(Data for review begins)
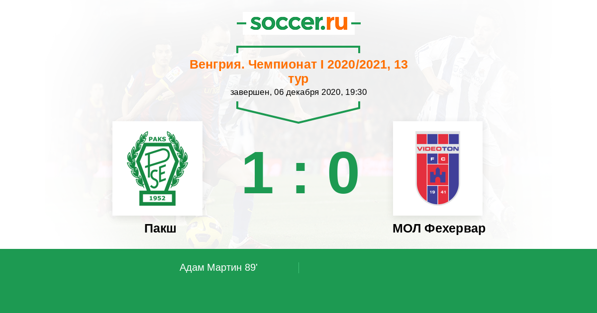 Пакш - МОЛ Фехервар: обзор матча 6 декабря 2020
(Data for review ends)
(Data for review begins)
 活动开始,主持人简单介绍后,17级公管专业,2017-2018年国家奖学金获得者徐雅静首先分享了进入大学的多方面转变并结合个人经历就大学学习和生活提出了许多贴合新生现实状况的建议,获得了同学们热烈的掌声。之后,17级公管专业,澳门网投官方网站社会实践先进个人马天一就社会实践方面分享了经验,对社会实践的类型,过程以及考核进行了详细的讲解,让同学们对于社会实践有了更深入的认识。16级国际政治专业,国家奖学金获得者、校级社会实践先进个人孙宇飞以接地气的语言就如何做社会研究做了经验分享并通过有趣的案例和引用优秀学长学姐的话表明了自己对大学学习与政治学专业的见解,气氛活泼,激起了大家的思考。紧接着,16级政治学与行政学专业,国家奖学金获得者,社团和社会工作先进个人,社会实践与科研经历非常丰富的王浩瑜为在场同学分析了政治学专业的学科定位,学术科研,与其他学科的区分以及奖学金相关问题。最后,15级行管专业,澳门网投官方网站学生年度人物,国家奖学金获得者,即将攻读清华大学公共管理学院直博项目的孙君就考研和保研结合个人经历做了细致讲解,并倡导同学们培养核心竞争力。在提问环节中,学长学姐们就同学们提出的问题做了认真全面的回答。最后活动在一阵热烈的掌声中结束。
(Data for review ends)
(Data for review begins)
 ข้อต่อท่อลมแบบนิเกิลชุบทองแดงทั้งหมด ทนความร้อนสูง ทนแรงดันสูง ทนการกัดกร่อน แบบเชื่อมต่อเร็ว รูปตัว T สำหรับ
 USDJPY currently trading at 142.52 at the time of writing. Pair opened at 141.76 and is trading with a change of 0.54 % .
(Data for review ends)
* Exercise objective *
Using the data above, print exactly the lines from the line that contains "ข้อต่อท่อลมแบบนิเกิลชุบทองแดงทั้งหมด ทนความร้อนสูง ทนแรงดันสูง" through the line that contains "USDJPY currently trading", with both included.

* Written solution *
 ข้อต่อท่อลมแบบนิเกิลชุบทองแดงทั้งหมด ทนความร้อนสูง ทนแรงดันสูง ทนการกัดกร่อน แบบเชื่อมต่อเร็ว รูปตัว T สำหรับ
 USDJPY currently trading at 142.52 at the time of writing. Pair opened at 141.76 and is trading with a change of 0.54 % .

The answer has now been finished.